How to cite this URL:
Pasmatzi E, Monastirli A, Kapranos N, Badavanis G, Apostolidou A, Tsambaos D. Multiple large and dome-shaped nodules on the lower extremity. Indian J Dermatol [serial online] 2022 [cited 2023 May 29];67:94. Available from:

   Quiz Top

Learning points

  • Merkel cell carcinoma (MCC) is a rare and highly aggressive cutaneous malignant neoplasm of neuroendocrine origin, the incidence (0.7 cases/100.000 person-years) and mortality (0.43/100.000) of which are increasing.
  • It almost always presents as a rapidly growing solitary tumor on sun-exposed areas (particularly on the head and neck region) of elderly and/or immunosuppressed patients with fair skin types.
  • Multiple lesions simultaneously arising at multiple sites or the same body region have very rarely been observed.
  • About 80% of the MCC cases are associated with the common Merkel cell polyomavirus (MCPyV), whereas in about 20% of the cases, the tumor arises via an ultraviolet radiation-induced accumulation of a large number of somatic mutations.

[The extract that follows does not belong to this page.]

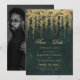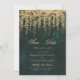 Ilustração de galhos de árvores com vegetação exuberante, selvagem e folhagem pendurada, dispostos digitalmente com ouro, sobre um fundo verde-esmeralda brilhante, decora essa decoração nesta primavera de outono ou casamento no inverno de verão, exceto o convite de data com um tema de floresta encantado. Um elegante e moderno salvará a data para um casamento de conto de fadas. Perfeito para noivas que amam o cenário florestal de conto de fadas, o tema floresta de fadas ou jardim de fadas e o verde esmeralda e o ouro.
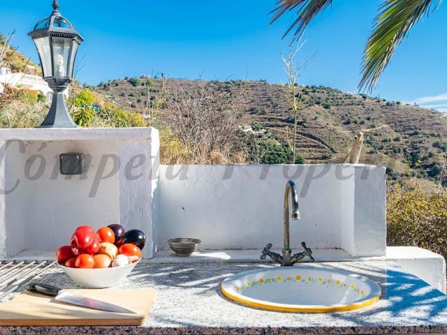 Available from october to march. A stunning villa with a private swimming pool in Spain situated in one of the white villages of the Axarquía and only a few minutes’ drive from the pretty village of Torrox and about twenty minutes from the beaches of the Costa del Sol. This superb south facing property has magnificent views over the verdant countryside to the Mediterranean and one can enjoy the view while sitting on the wide expanse of terracing or sitting around the pool and outside barbacue area. A truly fabulous home entered via a winter terrace. The interior consists of a bright living room, equipped and fitted kitchen, two double bedrooms, a room with sofa bed and ensuite bathroom with a shower and family bathroom also with a shower. There is air conditioning in the kitchen and living room, double climalit windows, heating and wood burning fire make the property comfortable to live your holiday all the year round.

   History, Examination, and Investigative Findings Top

A 71-year-old Caucasian HIV-negative woman presented with a 2-month-history of skin lesions which abruptly and simultaneously developed on the extensor surface of her right leg. Physical examination revealed multiple, pink, dome-shaped nodules (diameter 1–5 cm). The surface of several nodules was eroded and partially covered by crusts [Figure 1]. No inguinal lymphadenopathy was detected. Histological examination of multiple biopsies derived from the nodular lesions revealed a dermal tumor consisting of monomorphic, small-sized round cells with scanty eosinophilic cytoplasm, hyperchromatic nuclei, and multiple small nucleoli [Figure 2]a and [Figure 2]b. On immunohistochemistry, the tumor cells were positively stained with cytokeratin 20 [Figure 3], neurofilament, and neuron-specific enolase. A complete clinical workup including staging imaging failed to demonstrate the visceral metastatic disease. Just when thorough information was provided to the patient about her disease and the available therapeutic regimens, she refused any treatment, left the hospital against medical advice, and was lost to follow-up.
Figure 1: Clinical appearance of multiple rapidly growing dome-shaped nodules on the extensor, sun-exposed right leg of the patient.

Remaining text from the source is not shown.